EXERCISE PROMPT> The copy must match the data below line for line and contain no images.

DATA LISTING>
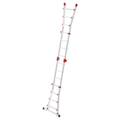 Verwendbar als Anlege- und Schiebeleiter, beidseitige Steh- und Treppenleiter. Höhe einstellbar durch die seitlichen Blockiergriffe der einzelnen Niveaus. 2 Sicherheitsgelenke (ent- und verriegelbar) für die Einstellung in Steh- und Anlegeleiter. Sicher, flexibel, variabel. Automatisches Blockiersystem. Sprosse für Sprosse höhenverstellbar. Verwendbar als Anlege- und Schiebeleiter, beidseitige Steh- und Treppenleiter. Höhe einstellbar durch die seitlichen Blockiergriffe der einzelnen Niveaus. 2 Sicherheitsgelenke (ent- und verriegelbar) für die Einstellung in Steh- und Anlegeleiter. Sicher, flexibel, variabel. Automatisches Blockiersystem. Sprosse für Sprosse höhenverstellbar.
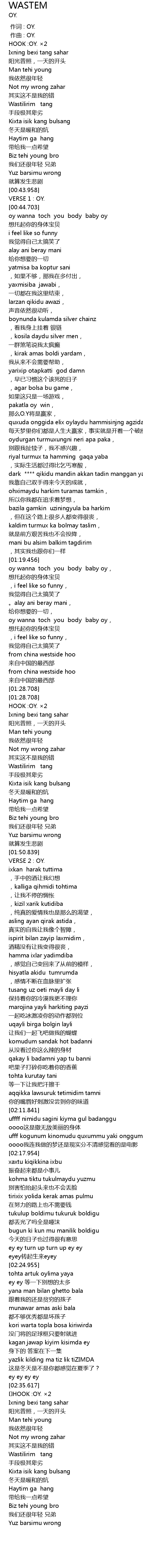 | [00:00.000] | 作词 : OY. |
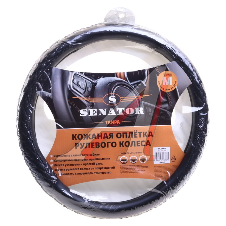 Оплетка руля (M) 37-39см черная экокожа/стеганая вставка Tampa SENATOR
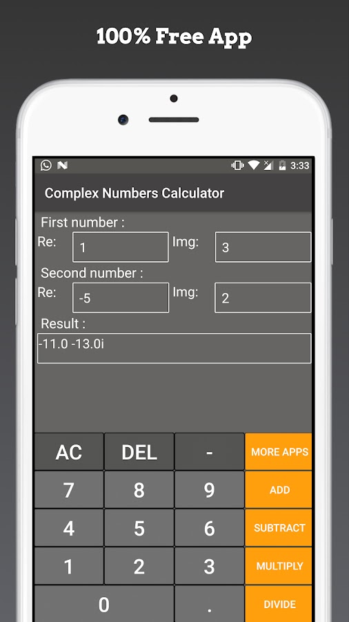 Это бесплатный математический калькулятор для комплексных чисел, который может складывать, вычитать, умножать и делить комплексные числа.
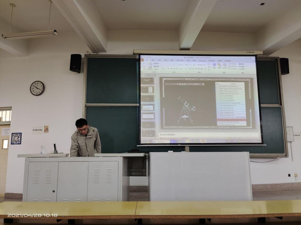 活动开始,刘高峰学长点明了本次科研班会的主要话题————科研立项。首先,刘高峰学长邀请17级机械专业的同级学长介绍了节能减排比赛,挑战杯等一系列竞赛项目的具体规则以及注意事项,并且列举了减少石油污染,深海机器人等一系列具体项目,同学们认真听讲,似乎都对于参与比赛这一事项若有所思。接着,刘高峰学长用提问的方式替同学们向这位学长提问,一一解答了同学们的疑惑,接着,他又重新强调了科研立项的注意事项,自助额度,具体流程等。最后,为了深化同学们对于科研立项的认识,他以课件的形式介绍了如“为什么要参加科研立项”“我如何处理经费问题”等一系列深入话题。同学们为主持人精彩发言鼓掌,本次班会活动圆满结束。
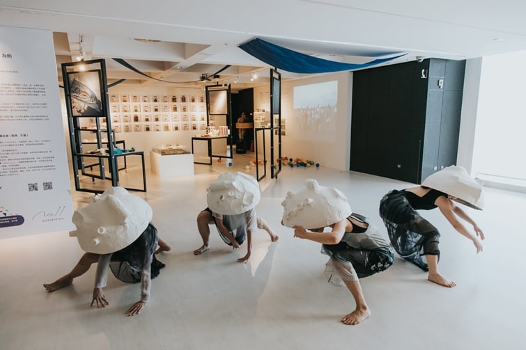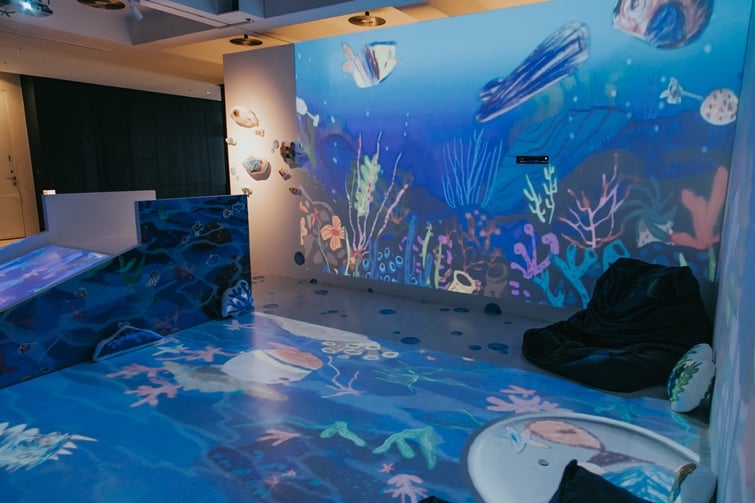 8F《療癒海洋》將海搬進了展場,透過互動媒體裝置,拉近我們與海的距離,裡頭優游的,是藝術家和孩子們一起創造出對海中生物純真的想像,藉由孩子們的繪畫,呈現了豐富生動的水中世界。
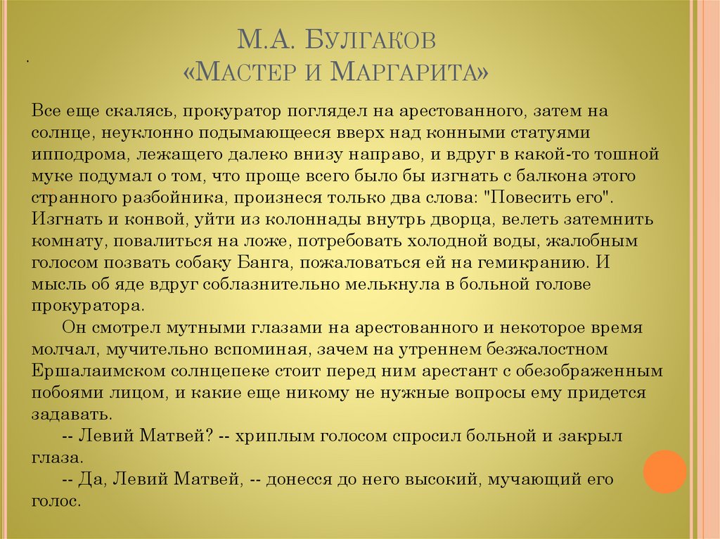 -- Да, Левий Матвей, -- донесся до него высокий, мучающий его

RESULT FOR THIS TASK>
 Verwendbar als Anlege- und Schiebeleiter, beidseitige Steh- und Treppenleiter. Höhe einstellbar durch die seitlichen Blockiergriffe der einzelnen Niveaus. 2 Sicherheitsgelenke (ent- und verriegelbar) für die Einstellung in Steh- und Anlegeleiter. Sicher, flexibel, variabel. Automatisches Blockiersystem. Sprosse für Sprosse höhenverstellbar. Verwendbar als Anlege- und Schiebeleiter, beidseitige Steh- und Treppenleiter. Höhe einstellbar durch die seitlichen Blockiergriffe der einzelnen Niveaus. 2 Sicherheitsgelenke (ent- und verriegelbar) für die Einstellung in Steh- und Anlegeleiter. Sicher, flexibel, variabel. Automatisches Blockiersystem. Sprosse für Sprosse höhenverstellbar.
 | [00:00.000] | 作词 : OY. |
 Оплетка руля (M) 37-39см черная экокожа/стеганая вставка Tampa SENATOR
 Это бесплатный математический калькулятор для комплексных чисел, который может складывать, вычитать, умножать и делить комплексные числа.
 活动开始,刘高峰学长点明了本次科研班会的主要话题————科研立项。首先,刘高峰学长邀请17级机械专业的同级学长介绍了节能减排比赛,挑战杯等一系列竞赛项目的具体规则以及注意事项,并且列举了减少石油污染,深海机器人等一系列具体项目,同学们认真听讲,似乎都对于参与比赛这一事项若有所思。接着,刘高峰学长用提问的方式替同学们向这位学长提问,一一解答了同学们的疑惑,接着,他又重新强调了科研立项的注意事项,自助额度,具体流程等。最后,为了深化同学们对于科研立项的认识,他以课件的形式介绍了如“为什么要参加科研立项”“我如何处理经费问题”等一系列深入话题。同学们为主持人精彩发言鼓掌,本次班会活动圆满结束。
 8F《療癒海洋》將海搬進了展場,透過互動媒體裝置,拉近我們與海的距離,裡頭優游的,是藝術家和孩子們一起創造出對海中生物純真的想像,藉由孩子們的繪畫,呈現了豐富生動的水中世界。
 -- Да, Левий Матвей, -- донесся до него высокий, мучающий его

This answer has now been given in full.